There are laws - even ethics rules - against buying votes in Congress.
Lobbyists (Jack Abramoff and others) went to prison for attempting to buy
votes and congressmen (Randy "Duke" Cunningham and Bob Ney) went to prison
for selling them.
As with so many things Congress does, the rules they make for others do not
always apply to some of its members.
In the scandalous, shortsighted sellout of American troops in Iraq, a slim
Democratic House majority passed a measure that speaker and top vote buyer
Nancy Pelosi claimed would "end the war in Iraq." The claim is preposterous
because, even if the Senate were to pass such a measure, there are
insufficient votes to override a presidential veto. One can hear the
cheering in the enemy camps, as they exhort their young suicide bombers to
kill themselves, and just a few more infidels, for Allah, because the
worldwide Islamic empire is drawing nearer.

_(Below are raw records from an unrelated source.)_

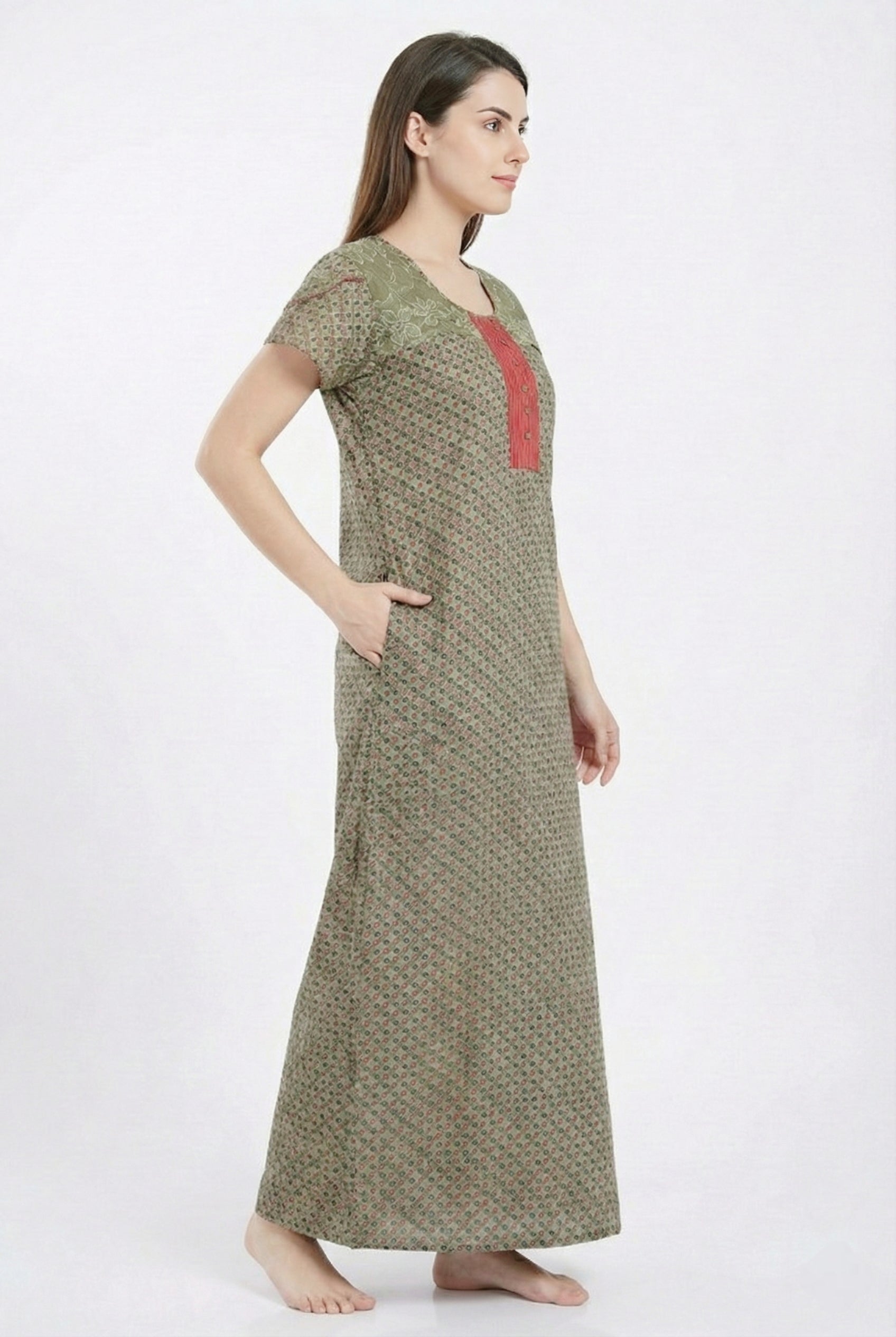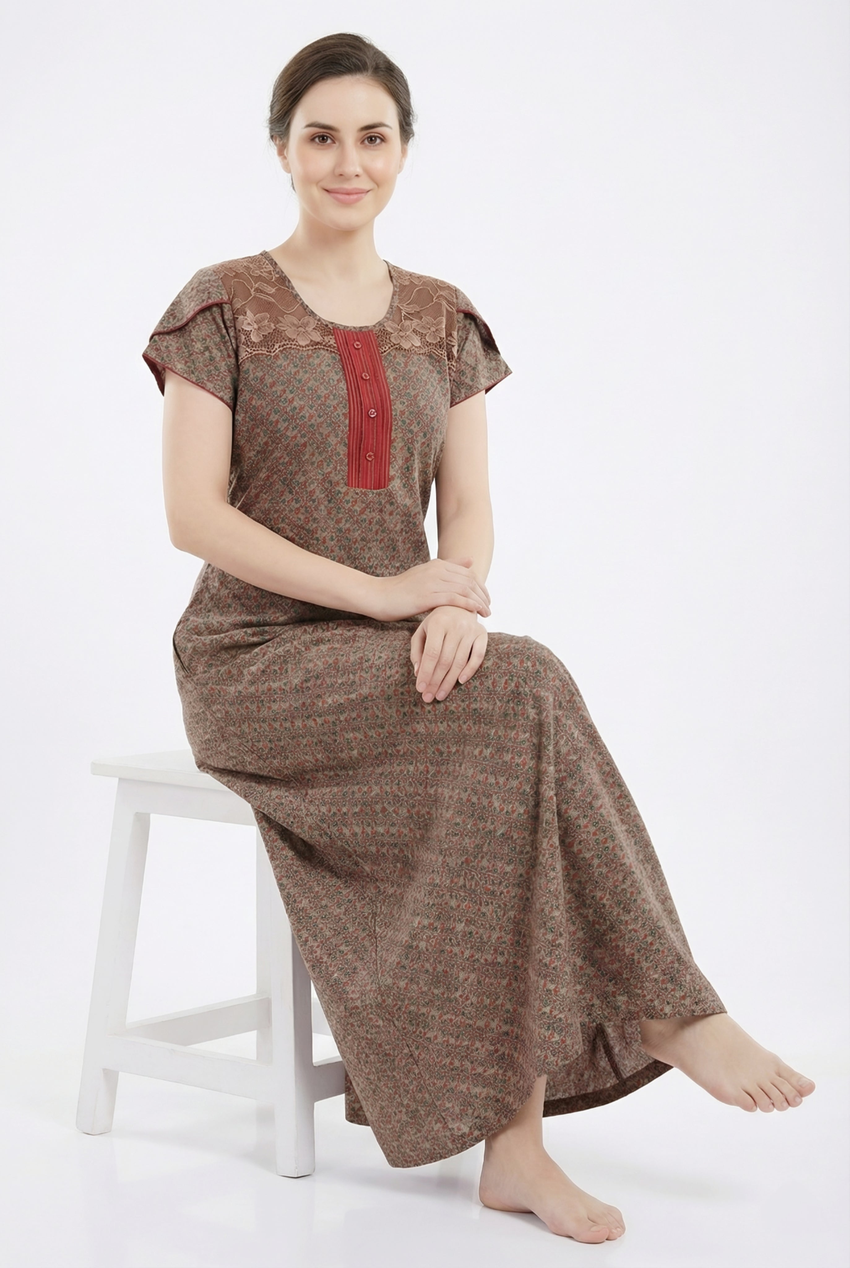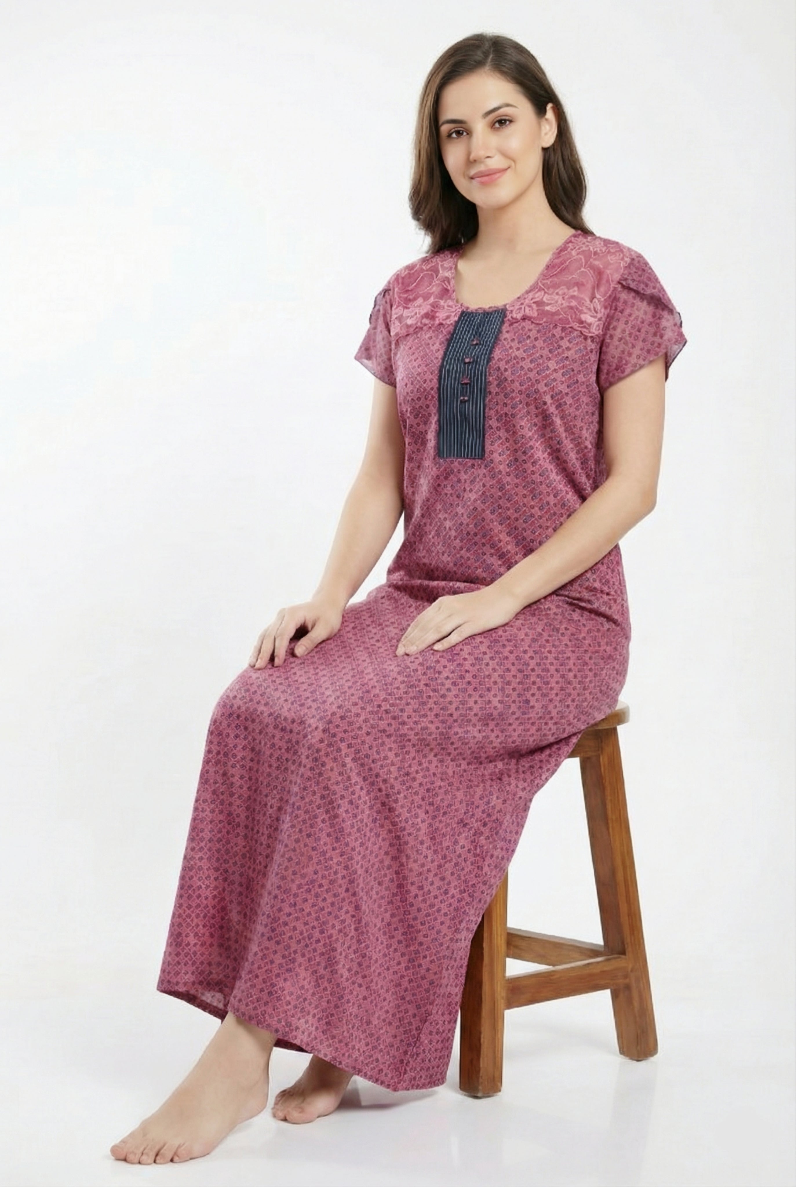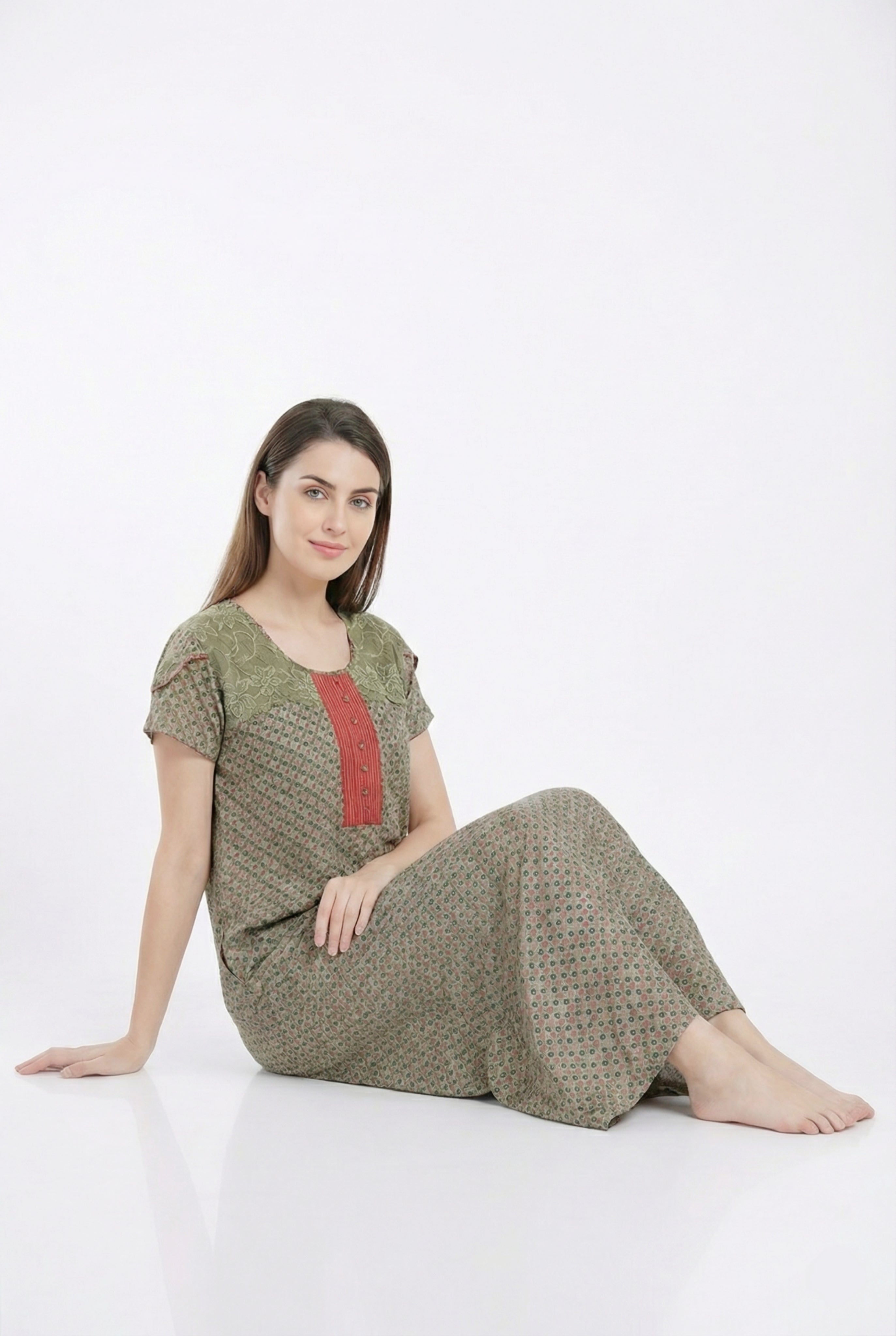 | Experience all-day and night comfort with this Women’s Alpine Fabric Night Gown, crafted from soft and breathable alpine cotton. Designed for maximum comfort, this gown features a round neck, smooth finishing, and a relaxed full-length silhouette that gives a perfect fall. The fabric feels gentle on the skin, making it ideal for daily use, lounging, and night wear. |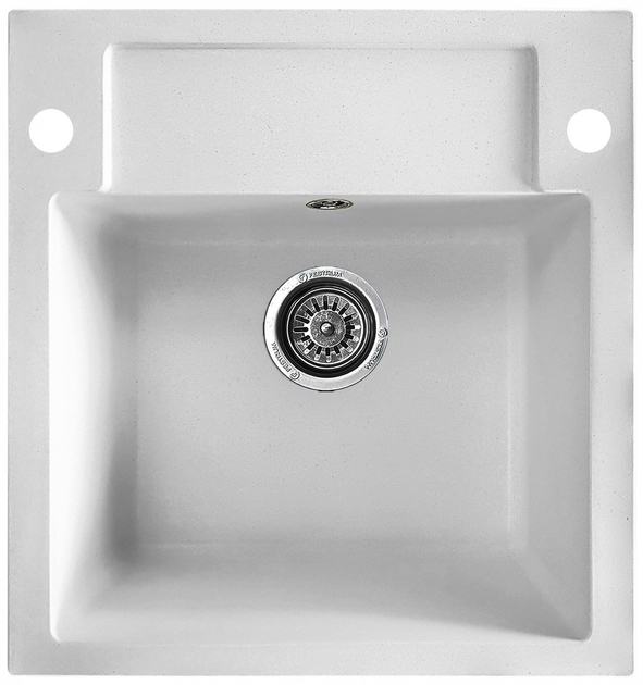 Кухонна мийка, квадратна, кам'яна Valetti 69D 52х49см Біла + сифон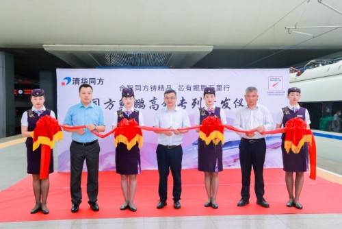 三方领导共同剪彩,标志着同方鲲鹏高铁专列正式起航。

While the Democratic "leadership" and certain of their media acolytes crow
about the "historic day" when the measure was passed, the real historic note
is how so many were willing to sell their votes for blatant self-interest.
Perhaps, knowing the measure would never become law; these "public servants"
figured they might as well grab all the pork they could get.
Attached to this bill of surrender, as chronicled by Citizens Against
Government Waste (CAGW) is $21 billion in pork to buy the votes of some
members. Among items offered in exchange for votes was $283 million for the
Milk Income Loss Contract program; $74 million for peanut storage costs;
$60.4 million for salmon fisheries; $50 million for asbestos mitigation at
the U.S. Capitol Plant; and $25 million for spinach growers. I'm surprised
no aid was provided to pet food manufacturers to help them recoup the losses
incurred after rat poison was found in their products. Oh, well, maybe next
year.
The Senate is waiting to lard on to the emergency war supplemental bill
multiple pounds of its own pork. CAGW reports that among the outrages in the
Senate measure are $24 million for sugar beet producers; $20 million for
reimbursements to Nevada for "insect damage"; $3.5 million for guided tours
of the Capitol (don't most people expect to buy tickets for such things?);
and $3 million for sugar cane and the transfer of funds from holiday
ornament sales in the Senate gift shop.